## What is needed
When the line containing "Comemore o primeiro" is found in the data below, copy it and each line after it through the line containing "海顿 钢琴奏鸣曲 Hob XVI 24 in D major", exactly and with no others.

Stored items from a collection:
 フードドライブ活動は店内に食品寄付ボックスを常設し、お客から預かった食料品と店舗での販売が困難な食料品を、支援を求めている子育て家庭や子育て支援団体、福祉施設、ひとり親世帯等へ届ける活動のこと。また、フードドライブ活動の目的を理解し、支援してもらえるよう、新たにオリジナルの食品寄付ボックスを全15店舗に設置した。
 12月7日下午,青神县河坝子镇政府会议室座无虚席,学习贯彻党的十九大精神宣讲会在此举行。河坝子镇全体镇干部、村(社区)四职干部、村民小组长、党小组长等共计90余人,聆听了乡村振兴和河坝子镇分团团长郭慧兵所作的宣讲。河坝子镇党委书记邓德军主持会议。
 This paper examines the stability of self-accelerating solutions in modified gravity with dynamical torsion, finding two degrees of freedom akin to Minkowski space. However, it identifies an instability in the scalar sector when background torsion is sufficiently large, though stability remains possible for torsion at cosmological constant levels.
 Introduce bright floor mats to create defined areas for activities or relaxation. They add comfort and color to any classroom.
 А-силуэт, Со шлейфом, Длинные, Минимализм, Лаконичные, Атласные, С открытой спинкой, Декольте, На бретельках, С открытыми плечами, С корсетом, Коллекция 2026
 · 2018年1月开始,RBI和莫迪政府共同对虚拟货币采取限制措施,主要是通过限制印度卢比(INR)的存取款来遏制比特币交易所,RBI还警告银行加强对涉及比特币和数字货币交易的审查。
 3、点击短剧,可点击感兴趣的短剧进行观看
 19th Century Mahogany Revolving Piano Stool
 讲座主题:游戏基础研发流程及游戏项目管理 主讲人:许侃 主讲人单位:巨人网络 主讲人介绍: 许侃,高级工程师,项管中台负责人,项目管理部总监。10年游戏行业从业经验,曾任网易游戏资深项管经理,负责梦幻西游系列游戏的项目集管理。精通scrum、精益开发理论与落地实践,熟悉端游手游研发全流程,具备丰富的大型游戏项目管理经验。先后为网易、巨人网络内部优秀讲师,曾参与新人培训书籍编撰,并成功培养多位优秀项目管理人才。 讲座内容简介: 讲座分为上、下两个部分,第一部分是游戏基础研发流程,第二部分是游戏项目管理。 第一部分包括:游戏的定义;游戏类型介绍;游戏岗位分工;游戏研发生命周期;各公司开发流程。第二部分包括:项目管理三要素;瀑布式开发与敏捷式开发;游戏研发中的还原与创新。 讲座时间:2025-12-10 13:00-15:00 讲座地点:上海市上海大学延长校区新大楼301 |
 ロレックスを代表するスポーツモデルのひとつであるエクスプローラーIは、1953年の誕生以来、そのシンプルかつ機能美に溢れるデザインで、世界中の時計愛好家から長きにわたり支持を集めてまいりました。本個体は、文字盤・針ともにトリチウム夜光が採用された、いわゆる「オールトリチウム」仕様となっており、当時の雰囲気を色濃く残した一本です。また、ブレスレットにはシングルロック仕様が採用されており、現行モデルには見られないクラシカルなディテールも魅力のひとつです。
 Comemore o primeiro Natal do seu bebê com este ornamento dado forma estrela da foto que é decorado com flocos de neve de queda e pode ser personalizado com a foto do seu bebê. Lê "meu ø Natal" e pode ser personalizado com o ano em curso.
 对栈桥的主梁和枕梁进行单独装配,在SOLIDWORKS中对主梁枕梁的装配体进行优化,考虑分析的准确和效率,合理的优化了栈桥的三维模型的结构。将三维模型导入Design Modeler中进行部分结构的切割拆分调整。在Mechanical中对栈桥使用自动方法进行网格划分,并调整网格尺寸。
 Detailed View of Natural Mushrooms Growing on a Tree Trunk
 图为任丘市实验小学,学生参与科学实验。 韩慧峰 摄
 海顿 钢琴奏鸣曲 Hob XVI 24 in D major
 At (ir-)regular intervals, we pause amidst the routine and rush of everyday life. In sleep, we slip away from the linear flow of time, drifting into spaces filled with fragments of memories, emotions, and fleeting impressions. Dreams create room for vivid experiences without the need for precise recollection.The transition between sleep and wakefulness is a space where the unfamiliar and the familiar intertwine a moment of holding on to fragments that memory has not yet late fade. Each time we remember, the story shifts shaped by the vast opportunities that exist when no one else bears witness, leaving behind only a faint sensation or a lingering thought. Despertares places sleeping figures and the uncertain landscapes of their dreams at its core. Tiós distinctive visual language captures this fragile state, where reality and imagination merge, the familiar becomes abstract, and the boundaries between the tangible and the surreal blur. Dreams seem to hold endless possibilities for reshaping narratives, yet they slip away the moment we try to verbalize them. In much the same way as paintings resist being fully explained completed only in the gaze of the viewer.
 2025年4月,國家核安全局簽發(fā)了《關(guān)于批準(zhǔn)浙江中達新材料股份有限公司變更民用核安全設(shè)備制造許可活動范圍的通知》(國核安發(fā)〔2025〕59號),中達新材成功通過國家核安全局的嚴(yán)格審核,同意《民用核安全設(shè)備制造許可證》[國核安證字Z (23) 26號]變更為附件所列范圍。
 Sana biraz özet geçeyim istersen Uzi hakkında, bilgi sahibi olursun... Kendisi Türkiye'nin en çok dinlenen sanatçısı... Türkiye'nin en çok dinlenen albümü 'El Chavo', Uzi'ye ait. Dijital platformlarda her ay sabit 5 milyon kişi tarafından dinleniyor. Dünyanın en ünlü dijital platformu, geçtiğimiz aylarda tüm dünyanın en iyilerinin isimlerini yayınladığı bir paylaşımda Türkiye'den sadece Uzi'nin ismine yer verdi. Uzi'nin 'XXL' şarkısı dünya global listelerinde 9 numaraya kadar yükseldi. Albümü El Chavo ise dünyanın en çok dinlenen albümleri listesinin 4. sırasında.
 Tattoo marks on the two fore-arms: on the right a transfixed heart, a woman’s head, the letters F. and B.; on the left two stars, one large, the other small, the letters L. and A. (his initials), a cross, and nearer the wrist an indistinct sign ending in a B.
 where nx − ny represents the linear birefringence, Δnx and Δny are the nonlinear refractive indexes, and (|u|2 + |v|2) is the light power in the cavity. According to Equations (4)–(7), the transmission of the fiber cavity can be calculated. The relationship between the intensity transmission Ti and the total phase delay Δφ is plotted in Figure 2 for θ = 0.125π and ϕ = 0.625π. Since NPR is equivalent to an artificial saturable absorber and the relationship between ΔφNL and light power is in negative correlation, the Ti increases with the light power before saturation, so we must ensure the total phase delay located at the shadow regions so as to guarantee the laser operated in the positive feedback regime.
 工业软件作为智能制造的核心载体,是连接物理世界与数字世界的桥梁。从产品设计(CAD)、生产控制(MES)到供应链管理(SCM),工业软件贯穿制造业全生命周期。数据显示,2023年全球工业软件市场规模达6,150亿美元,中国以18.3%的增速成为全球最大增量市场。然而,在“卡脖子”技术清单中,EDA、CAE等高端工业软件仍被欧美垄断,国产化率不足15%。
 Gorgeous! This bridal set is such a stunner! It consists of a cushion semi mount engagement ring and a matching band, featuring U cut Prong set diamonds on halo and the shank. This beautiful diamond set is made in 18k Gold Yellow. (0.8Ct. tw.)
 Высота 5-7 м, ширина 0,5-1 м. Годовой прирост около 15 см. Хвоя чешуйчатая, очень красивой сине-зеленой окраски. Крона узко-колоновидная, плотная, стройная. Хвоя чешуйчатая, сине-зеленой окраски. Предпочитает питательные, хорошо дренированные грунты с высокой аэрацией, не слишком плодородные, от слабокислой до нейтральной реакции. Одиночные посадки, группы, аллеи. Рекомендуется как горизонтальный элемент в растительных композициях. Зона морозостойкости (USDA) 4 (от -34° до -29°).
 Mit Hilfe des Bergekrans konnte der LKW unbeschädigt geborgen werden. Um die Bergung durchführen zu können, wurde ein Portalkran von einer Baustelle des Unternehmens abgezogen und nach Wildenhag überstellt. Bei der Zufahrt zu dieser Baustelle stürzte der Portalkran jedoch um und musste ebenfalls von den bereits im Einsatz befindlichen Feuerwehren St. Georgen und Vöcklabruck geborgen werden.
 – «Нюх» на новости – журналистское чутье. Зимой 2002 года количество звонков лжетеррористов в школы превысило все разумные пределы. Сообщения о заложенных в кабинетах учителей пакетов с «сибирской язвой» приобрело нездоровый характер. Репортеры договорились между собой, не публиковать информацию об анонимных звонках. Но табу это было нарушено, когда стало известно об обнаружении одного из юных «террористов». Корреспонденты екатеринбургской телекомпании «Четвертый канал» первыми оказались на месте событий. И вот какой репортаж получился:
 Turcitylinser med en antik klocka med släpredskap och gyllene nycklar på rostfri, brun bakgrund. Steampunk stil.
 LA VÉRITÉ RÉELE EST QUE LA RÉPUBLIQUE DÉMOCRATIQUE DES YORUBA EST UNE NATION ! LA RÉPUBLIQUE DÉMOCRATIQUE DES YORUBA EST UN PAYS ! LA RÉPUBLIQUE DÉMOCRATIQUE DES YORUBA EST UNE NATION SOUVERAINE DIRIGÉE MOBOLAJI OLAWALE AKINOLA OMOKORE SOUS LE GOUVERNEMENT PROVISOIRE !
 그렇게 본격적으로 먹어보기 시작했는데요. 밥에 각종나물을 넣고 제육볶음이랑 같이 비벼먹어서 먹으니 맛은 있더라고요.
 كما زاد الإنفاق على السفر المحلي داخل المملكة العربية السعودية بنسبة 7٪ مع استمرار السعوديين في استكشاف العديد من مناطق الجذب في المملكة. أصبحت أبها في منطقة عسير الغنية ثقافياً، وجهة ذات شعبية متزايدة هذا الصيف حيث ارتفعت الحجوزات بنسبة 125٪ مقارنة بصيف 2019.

## Task solution
 Comemore o primeiro Natal do seu bebê com este ornamento dado forma estrela da foto que é decorado com flocos de neve de queda e pode ser personalizado com a foto do seu bebê. Lê "meu ø Natal" e pode ser personalizado com o ano em curso.
 对栈桥的主梁和枕梁进行单独装配,在SOLIDWORKS中对主梁枕梁的装配体进行优化,考虑分析的准确和效率,合理的优化了栈桥的三维模型的结构。将三维模型导入Design Modeler中进行部分结构的切割拆分调整。在Mechanical中对栈桥使用自动方法进行网格划分,并调整网格尺寸。
 Detailed View of Natural Mushrooms Growing on a Tree Trunk
 图为任丘市实验小学,学生参与科学实验。 韩慧峰 摄
 海顿 钢琴奏鸣曲 Hob XVI 24 in D major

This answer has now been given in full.